Pere Mila wanted a luxury apartment for his family and not so luxurious apartments to rent out, but Gaudi refused to save money on tenants apartments, so the whole project costed a fortune. I am not really sure but it seems like Gaudi had a thing for roofs and chimneys, because this one also has amazing rooftop with sculptural chimneys and you can also visit it at night and listen to the concert up there. Few of those chimneys look a bit like soldier helmets and there is a theory that George Lucas’s stormtrooper helmets in Star Wars were inspired by Gaudi’s chimneys at Casa Mila.
The owner of the building is now Catalonian bank, while this is still home to four private tenants who live in spacious and bright apartments made by the grand master Gaudi and a part of the building is open to public (one of the apartments and the roof). Wouldn’t you want to live in a place of such cultural and architectural significance? I certainly would. We went to see this place with a free walking tour and our tour guide told us that the tenants pay the rent of only 500 EUR, which in my opinion is cheap considering where you live.
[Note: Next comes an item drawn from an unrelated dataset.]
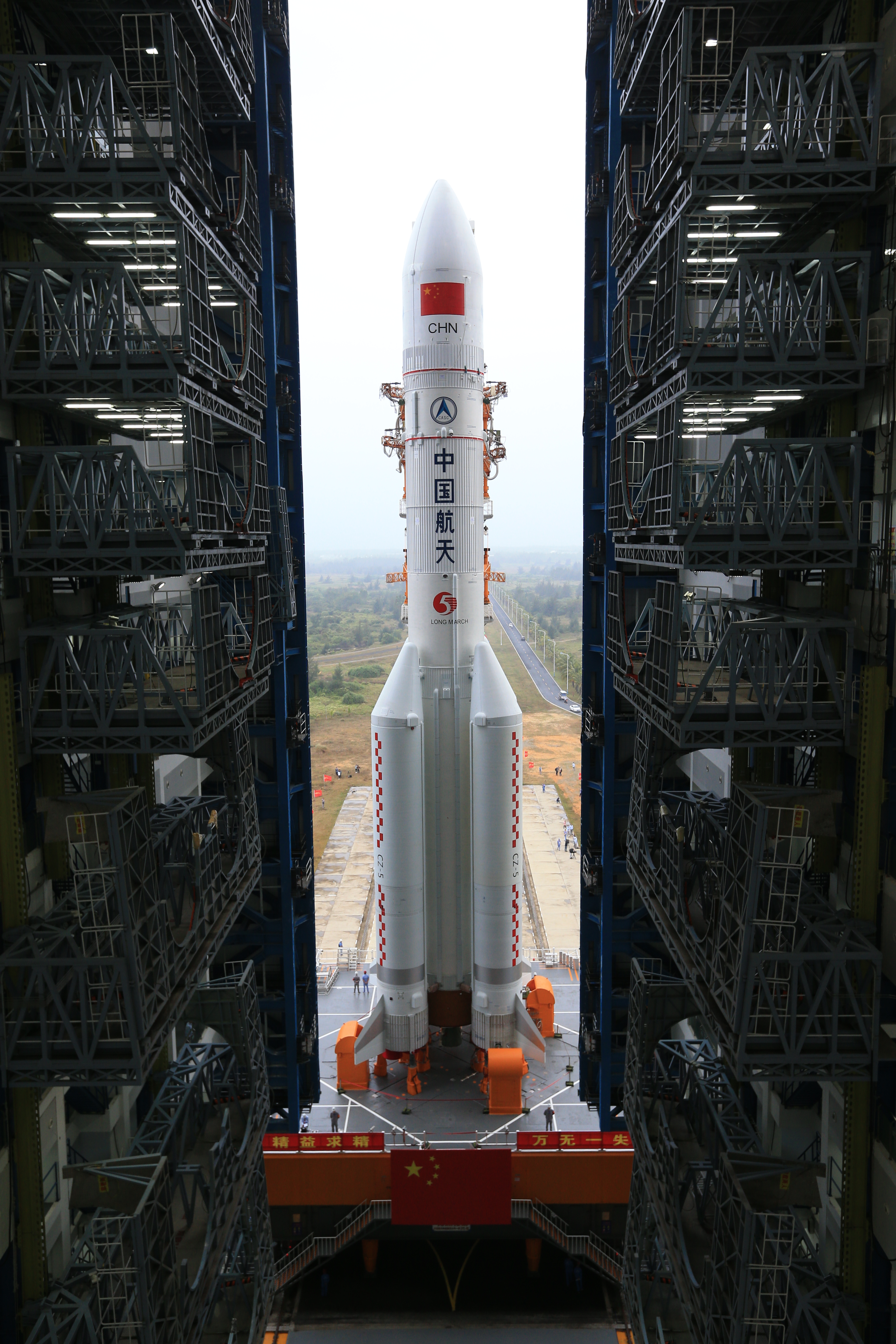 Carrier rocket Long March-5 Y3 is being vertically transported to the launching area of Wenchang Space Launch Center in south China's Hainan Province, Dec. 21, 2019. (Photo by Tu Haichao/Xinhua)

Book your tickets here: www.lapedrera.com/en
We didn’t visit any of the Gaudi’s casas from the inside, because the entrance fees were just way out of our budget, and we compromised on just seeing the outside. We did go to Park Güell (10 EUR) and to Sagrada Familia (23 EUR with audio guide) though. For Gaudi free walking tour we picked Runer Beans tours, and in the tour we covered everything except Park Güell, and learned so much about these places, so I would totally recommend you to go on a tour to learn more about Gaudi’s life and work because it is really fascinating.
Here is also the list of some of Gaudi’s other works you can see and visit in Barcelona, if you have more time:
- Casa Vicens: one of Gaudi’s first important buildings and first Art Nouveau building in the world.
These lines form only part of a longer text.